230515-09:23:04,909 nipype.workflow DEBUG:
Checking hash "fmriprep_23_0_wf.single_subject_B043_wf.func_preproc_ses_01_task_cyb_dir_AP_wf.bold_confounds_wf.tcc_metadata_fmt" locally: cached=True, updated=True.
230515-09:23:04,909 nipype.workflow DEBUG:
Skipping cached node fmriprep_23_0_wf.single_subject_B043_wf.func_preproc_ses_01_task_cyb_dir_AP_wf.bold_confounds_wf.tcc_metadata_fmt with ID 195.
230515-09:23:04,910 nipype.workflow INFO:
[Job 195] Cached (fmriprep_23_0_wf.single_subject_B043_wf.func_preproc_ses_01_task_cyb_dir_AP_wf.bold_confounds_wf.tcc_metadata_fmt).

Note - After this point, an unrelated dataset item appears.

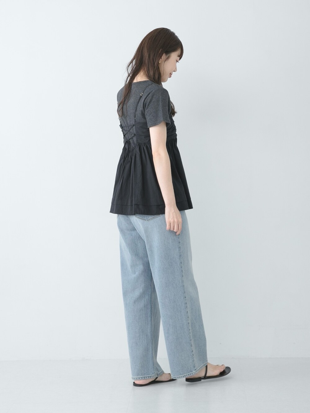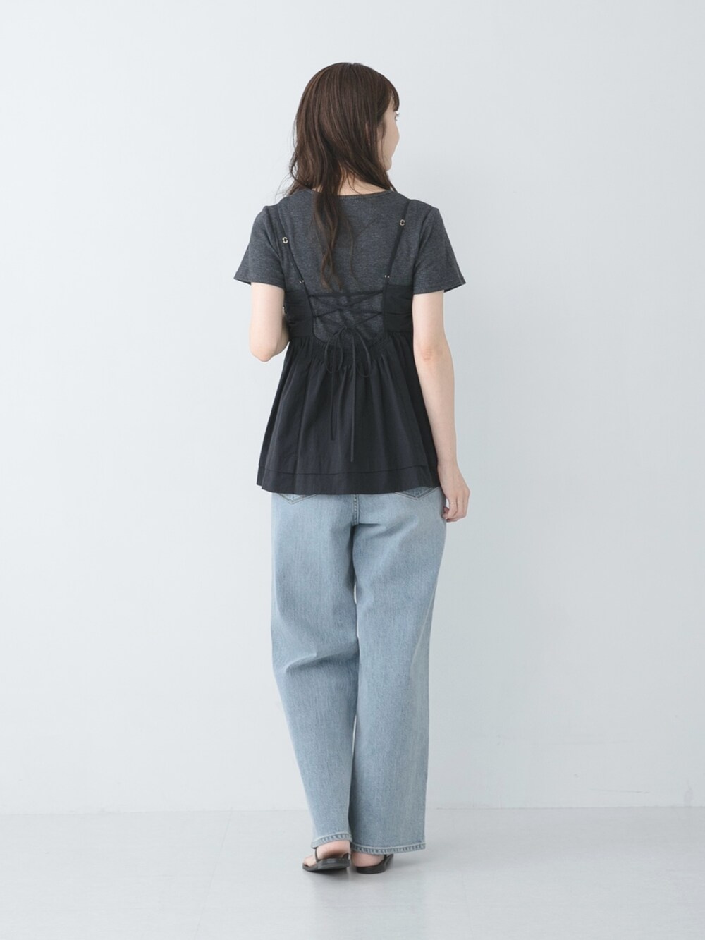 Tシャツにビスチェキャミをレイヤードしたスタイル!
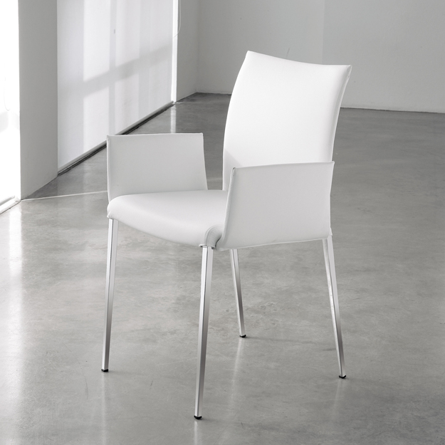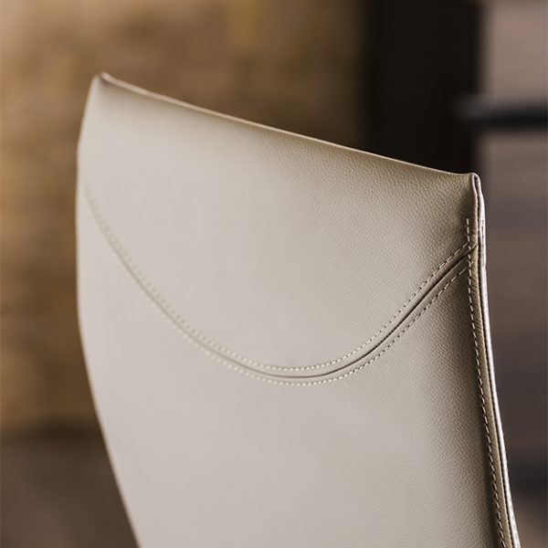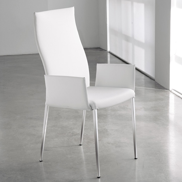 The Anna Chair With Arms can be selected with either a high or low back. The wave-inspired upholstered backrest features an elegant curve that is complemented with upholstered armrests and can be selected in a choice of synthetic leather or real leather finishes. The look is completed with fluted metal legs.

230515-09:23:06,803 nipype.workflow DEBUG:
Progress: 376 jobs, 199/1/0 (done/running/ready), 1/176 (pending_tasks/waiting).
230515-09:23:06,804 nipype.workflow DEBUG:
Tasks currently running: 1. Pending: 1.
230515-09:23:06,806 nipype.workflow INFO:
[MultiProc] Running 1 tasks, and 0 jobs ready. Free memory (GB): 123.00/128.00, Free processors: 56/64.
Currently running:
* fmriprep_23_0_wf.single_subject_B043_wf.anat_preproc_wf.surface_recon_wf.autorecon_resume_wf.autorecon2_vol
Screenshots / relevant information:
How can I fix this, please help.
What I have tried…
I’ve tried messing around with the --nprocs $SLURM_CPUS_PER_TASK --mem_mb $SLURM_MEM_PER_NODE
, but this doesn’t seem to resolve the problem. What am I missing here?